You are suffering from evacuation failures as can be seen by the to-space exhausted part of the start message for the collection.

This occurs when there is not enough free space on your heap to promote survived or promoted objects (or both) and the heap can not be expanded more.

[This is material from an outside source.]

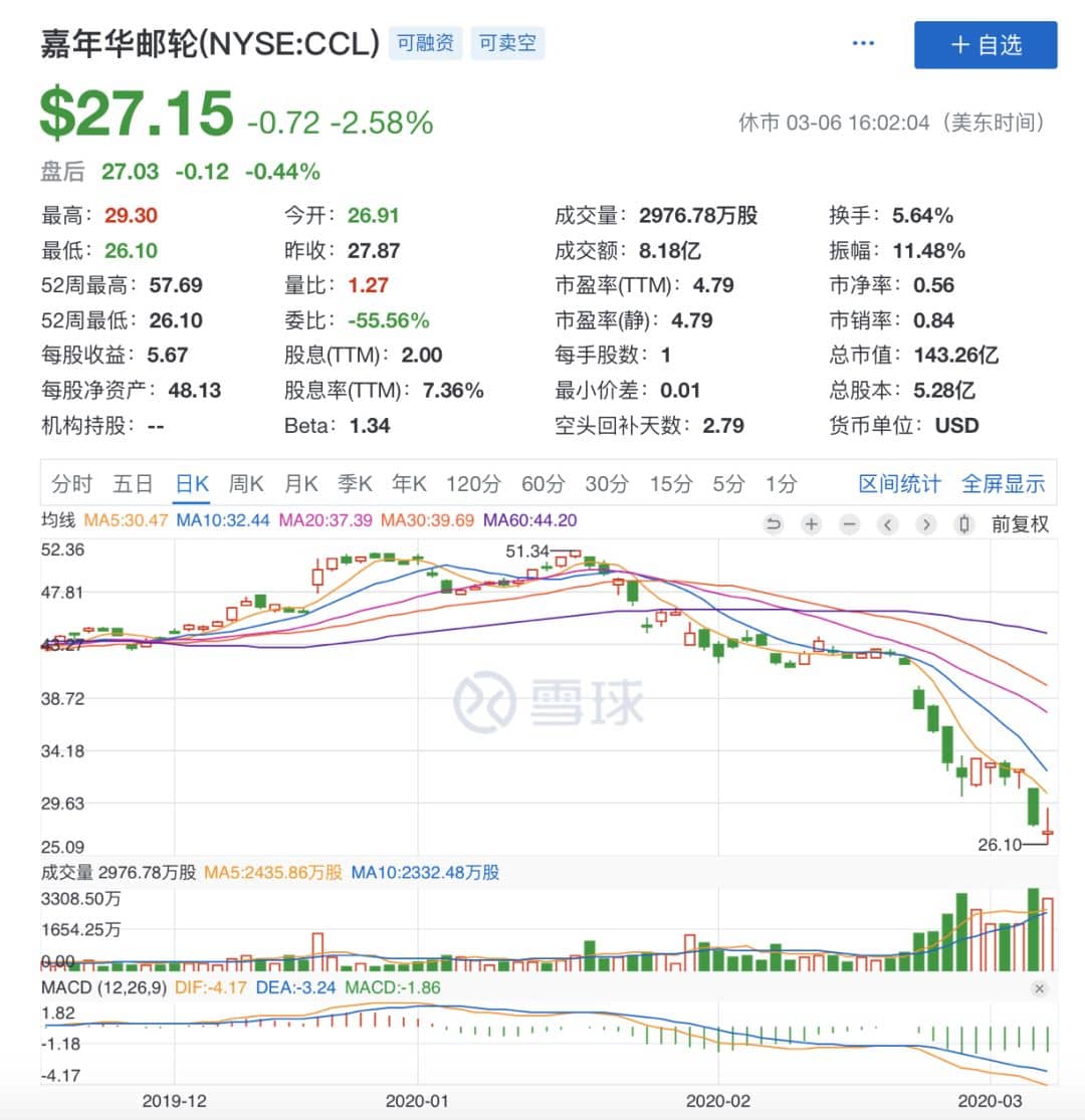 由于疫情爆发,嘉年华邮轮也暂停在1月25日-2月4日期间,取消了9条航线,并给乘客全额退款。这对于98%收入来源于船票和轮船上的服务业务的嘉年华邮轮公司来说,一季度的业绩已经遭受了部分损失,股价也因此不断下挫。

Monica Beckwith writes the following in Tips for Tuning the Garbage First Garbage Collector

For G1 GC, an evacuation failure is very expensive -

  • For successfully copied objects, G1 needs to update the references and the regions have to be tenured.
  • For unsuccessfully copied objects, G1 will self-forward them and tenure the regions in place.

Often G1 can't keep up with the allocation rate when forced to do these operations and will eventually be forced to a full GC due to allocation failure. This is probably why you see a full GC after a couple of evacuation failures.

Monica also writes about possible solutions in Garbage First Garbage Collector Tuning

  • Increase the value of the -XX:G1ReservePercent option (and the total heap accordingly) to increase the amount of reserve memory for "to-space".

  • Start the marking cycle earlier by reducing the -XX:InitiatingHeapOccupancyPercent.

  • You can also increase the value of the -XX:ConcGCThreads option to increase the number of parallel marking threads.

Also, increasing the heap is another option that would reduce the likelihood of evacuation failures.